Exercise description:
Every entry in the data that follows should come back exactly, pictures aside.

[Items listed in a dataset]
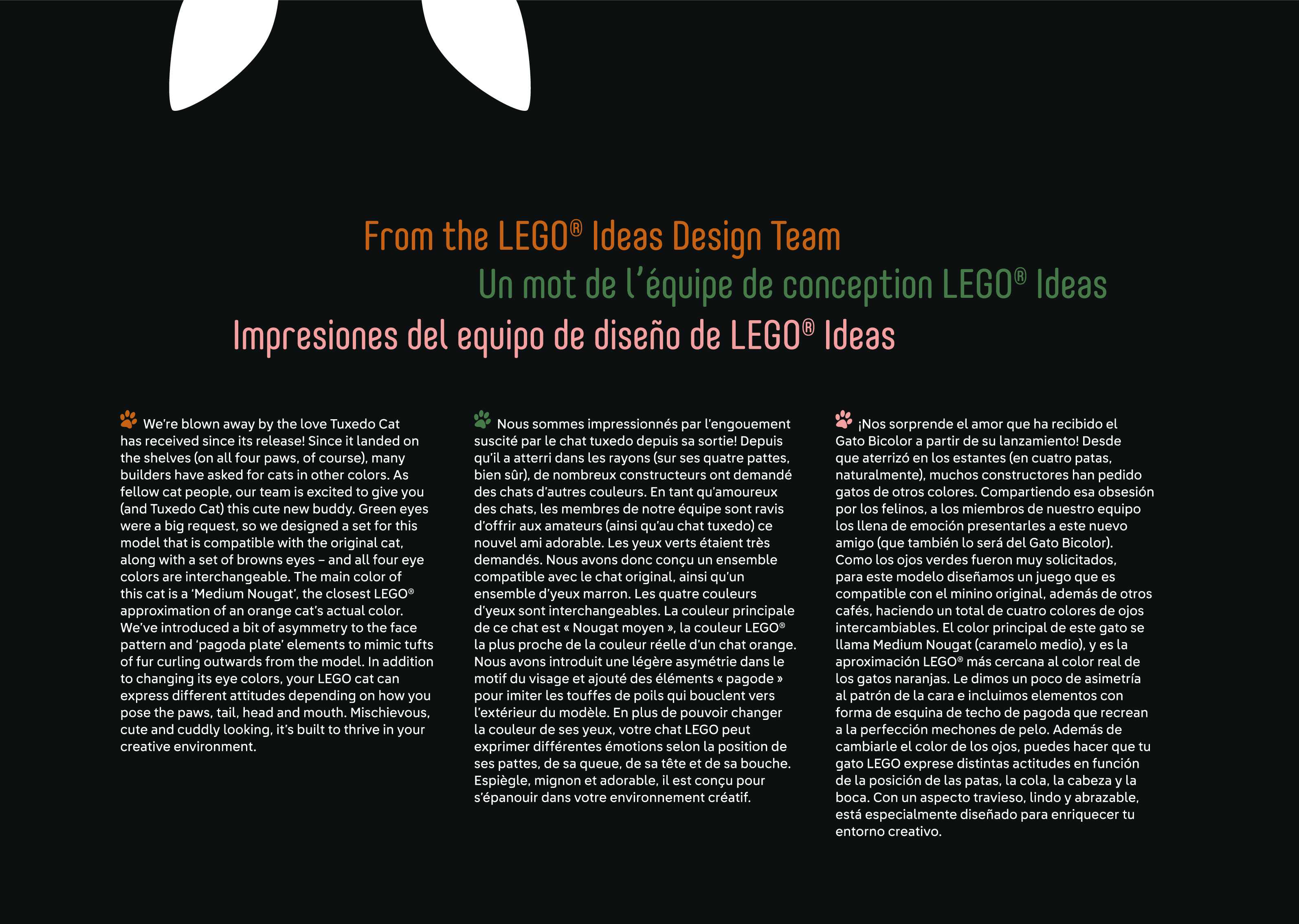 This page shares information about LEGO Orange Cat manual, LEGO 21376 PDF instructions, LEGO Orange Cat building guide online, How to build Orange Cat LEGO.
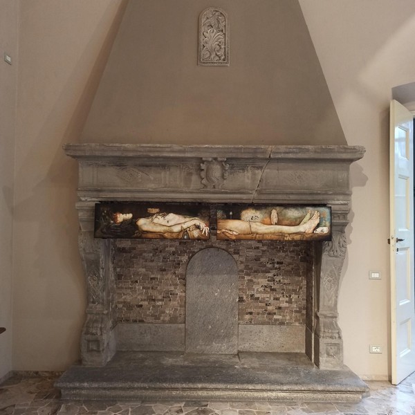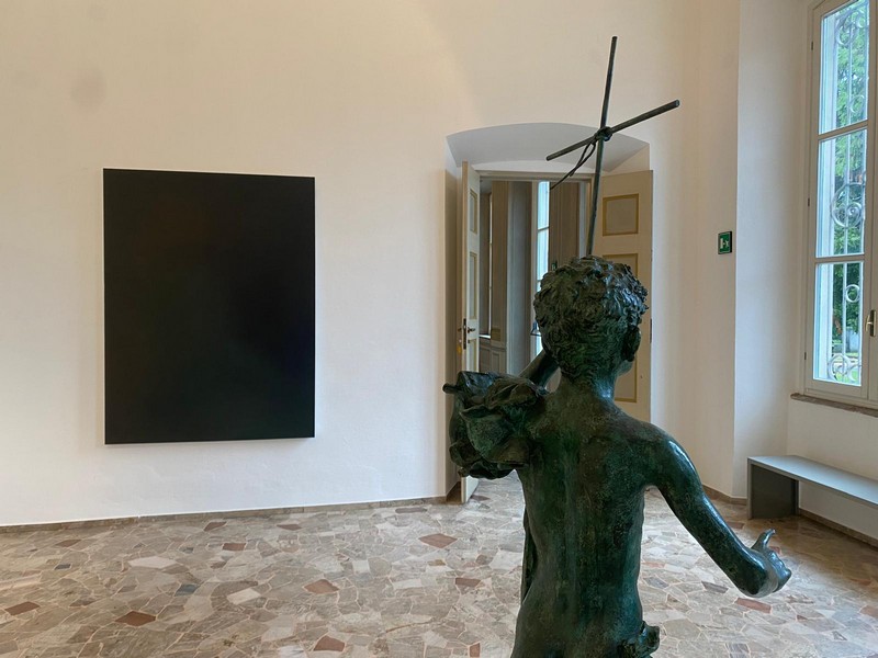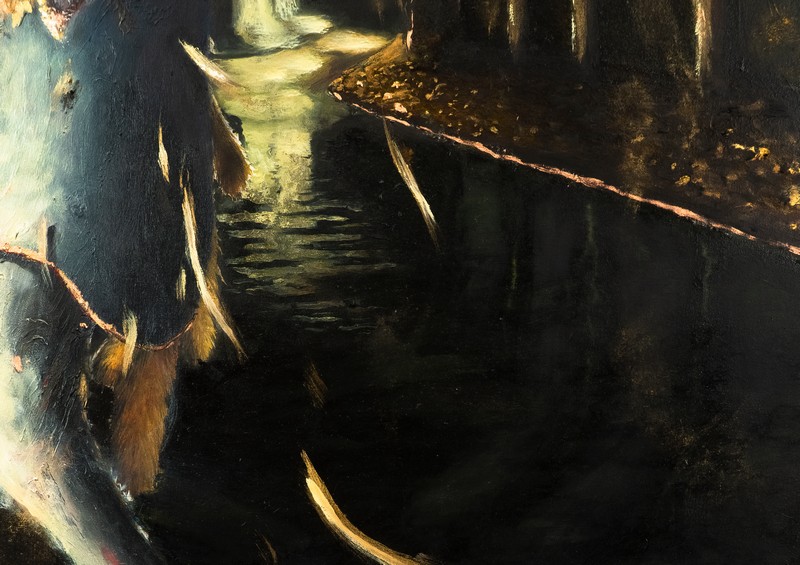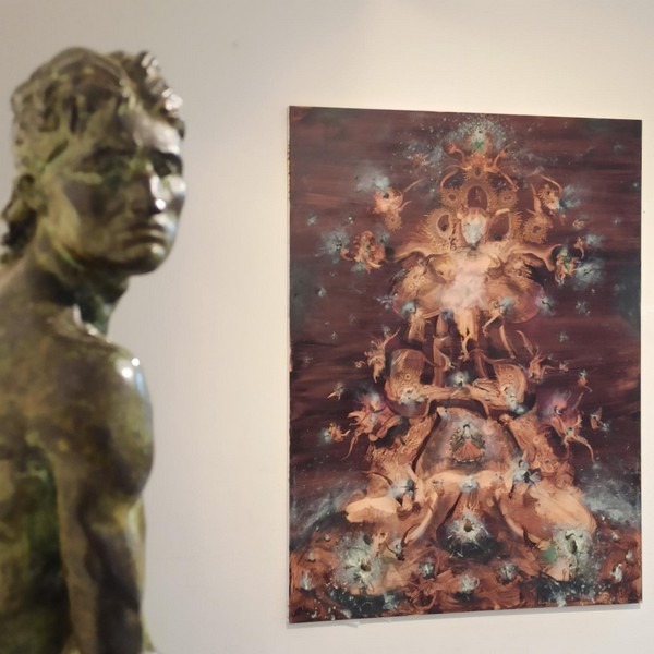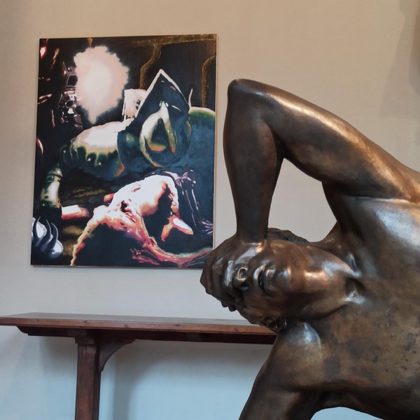Vedere il mio lavoro esposto nelle splendide sale di Villa Clerici accanto a grandi artisti del passato mi emoziona“, racconta Vittorio Zeppillo, giovane artista multidisciplinare marchigiano che oggi vive e lavora a Milano. “Fino ai vent’anni ho militato in ristoranti di alta cucina, di arte contemporanea non ne sapevo proprio nulla, ma amavo creare piatti pensando alle cromie e alle provenienze dei prodotti. Poi ho iniziato a sperimentare direttamente con la pittura e ha studiato decorazione all’Accademia di Belle Arti di Urbino“. Per l’esposizione a Villa Clerici presenta due oli su tela, La Caduta e Il Gambetto danese in dialogo di presenze e sguardi con la scultura di un Cristo esausto a terra. Quasi a ravvisare ,fra pennellate concitate e secco- pastose , una visione onirica (il desiderio?) di una nuova grande “sacralità” che sta ridestandosi in modo spasmodico. Forse nel mondo, ma sicuramente rimanda a una parte profondamente personale dell’artista.
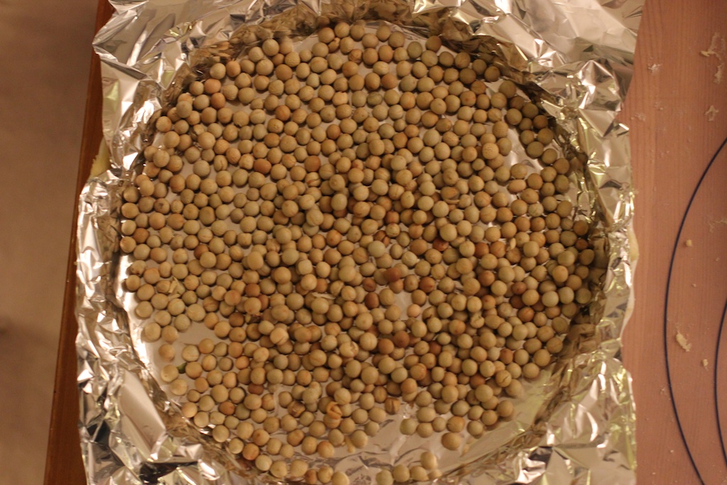 For at paideigen skal bli godt nok stekt, bør den forstekes. Jeg pleier å bruke tørkede erter i paideigen, men disse kan brukes om igjen og om igjen i det uendelige. Jeg pleier å oppbevare dem i et glass mellom hver gang.
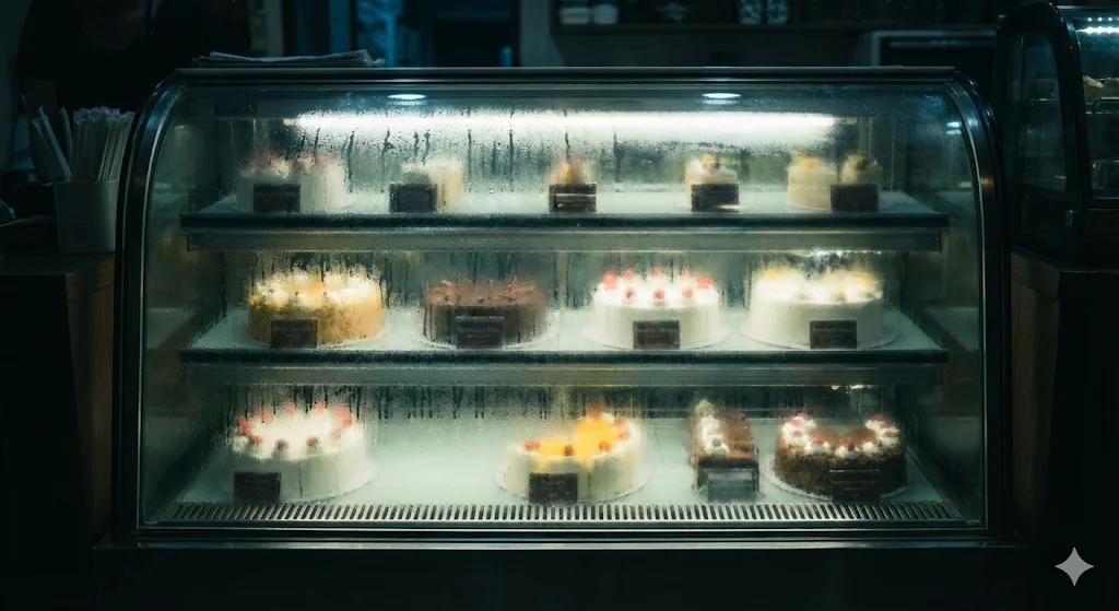 단순히 차갑게 보관하는 것을 넘어, 케이크의 수분이 마르지 않게 유지하고 조명을 통해 시각적인 매력을 극대화하는 것이 핵심입니다.
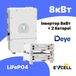 Комплект резервного живлення Deye 8 кВт інвертор + 2 акумулятори Deye SE-G5.1 Pro-B LiFePO4
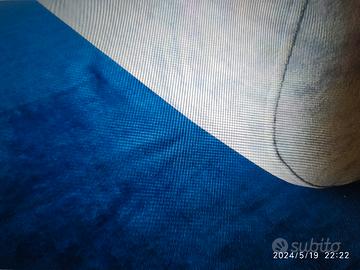 Divano letto ikea di design (anno 1990) in velluto azzurro/blu, completamente sfoderabile, smontabile in 2 pezzi (seduta e schienale), cuscino con fodera azzurro chiaro (bianco in foto).
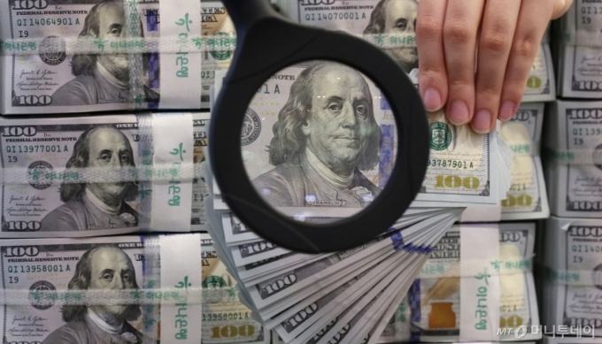 5일 서울 중구 하나은행 위변조대응센터 직원이 달러화를 정리하고 있다. /사진=뉴스1 |
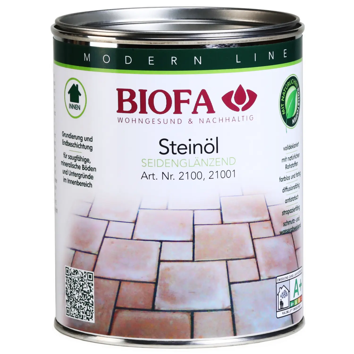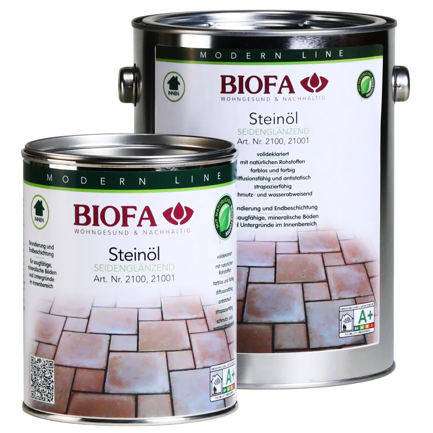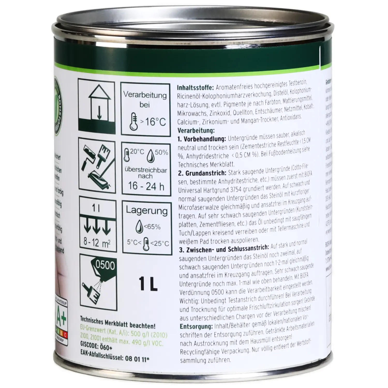BIOFA Steinöl wird aus hochwertigen, nachwachsenden Rohstoffen hergestellt und ergibt eine seidenglänzende, strapazierfähige, wasserabweisende Oberfläche. Es eignet sich je nach Untergrund als farblose oder transparent eingefärbte Grundierung und Schlussbeschichtung für saugfähige mineralische Untergründe im Innenbereich. Achtung! Oxydativ trocknende Öle zeigen eine materialtypische Vergilbung. Dies betrifft vor allem farblose, weiße, blaue und helle Beschichtungen. Die Vergilbung tritt besonders als Dunkelvergilbung bei dunklen Lichtverhältnissen sowie durch Abdeckung der Oberflächen durch Teppiche, etc. auf. Von rein weißen und hellen Farbtönen wird daher grundsätzlich abgeraten. Bitte lassen Sie sich bei der Farbauswahl von uns beraten!
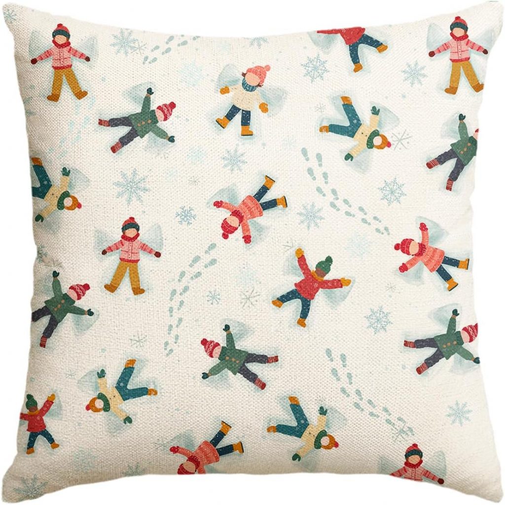 AVOIN colorlife Winter Relaxed People Lying in The Snow Throw Pillow Cover, 18 x 18 Inch Footprint Snowflake Seasonal Holiday Cushion Case Decoration for Sofa Couch

Expected answer:
 This page shares information about LEGO Orange Cat manual, LEGO 21376 PDF instructions, LEGO Orange Cat building guide online, How to build Orange Cat LEGO.
Vedere il mio lavoro esposto nelle splendide sale di Villa Clerici accanto a grandi artisti del passato mi emoziona“, racconta Vittorio Zeppillo, giovane artista multidisciplinare marchigiano che oggi vive e lavora a Milano. “Fino ai vent’anni ho militato in ristoranti di alta cucina, di arte contemporanea non ne sapevo proprio nulla, ma amavo creare piatti pensando alle cromie e alle provenienze dei prodotti. Poi ho iniziato a sperimentare direttamente con la pittura e ha studiato decorazione all’Accademia di Belle Arti di Urbino“. Per l’esposizione a Villa Clerici presenta due oli su tela, La Caduta e Il Gambetto danese in dialogo di presenze e sguardi con la scultura di un Cristo esausto a terra. Quasi a ravvisare ,fra pennellate concitate e secco- pastose , una visione onirica (il desiderio?) di una nuova grande “sacralità” che sta ridestandosi in modo spasmodico. Forse nel mondo, ma sicuramente rimanda a una parte profondamente personale dell’artista.
 For at paideigen skal bli godt nok stekt, bør den forstekes. Jeg pleier å bruke tørkede erter i paideigen, men disse kan brukes om igjen og om igjen i det uendelige. Jeg pleier å oppbevare dem i et glass mellom hver gang.
 단순히 차갑게 보관하는 것을 넘어, 케이크의 수분이 마르지 않게 유지하고 조명을 통해 시각적인 매력을 극대화하는 것이 핵심입니다.
 Комплект резервного живлення Deye 8 кВт інвертор + 2 акумулятори Deye SE-G5.1 Pro-B LiFePO4
 Divano letto ikea di design (anno 1990) in velluto azzurro/blu, completamente sfoderabile, smontabile in 2 pezzi (seduta e schienale), cuscino con fodera azzurro chiaro (bianco in foto).
 5일 서울 중구 하나은행 위변조대응센터 직원이 달러화를 정리하고 있다. /사진=뉴스1 |
BIOFA Steinöl wird aus hochwertigen, nachwachsenden Rohstoffen hergestellt und ergibt eine seidenglänzende, strapazierfähige, wasserabweisende Oberfläche. Es eignet sich je nach Untergrund als farblose oder transparent eingefärbte Grundierung und Schlussbeschichtung für saugfähige mineralische Untergründe im Innenbereich. Achtung! Oxydativ trocknende Öle zeigen eine materialtypische Vergilbung. Dies betrifft vor allem farblose, weiße, blaue und helle Beschichtungen. Die Vergilbung tritt besonders als Dunkelvergilbung bei dunklen Lichtverhältnissen sowie durch Abdeckung der Oberflächen durch Teppiche, etc. auf. Von rein weißen und hellen Farbtönen wird daher grundsätzlich abgeraten. Bitte lassen Sie sich bei der Farbauswahl von uns beraten!
 AVOIN colorlife Winter Relaxed People Lying in The Snow Throw Pillow Cover, 18 x 18 Inch Footprint Snowflake Seasonal Holiday Cushion Case Decoration for Sofa Couch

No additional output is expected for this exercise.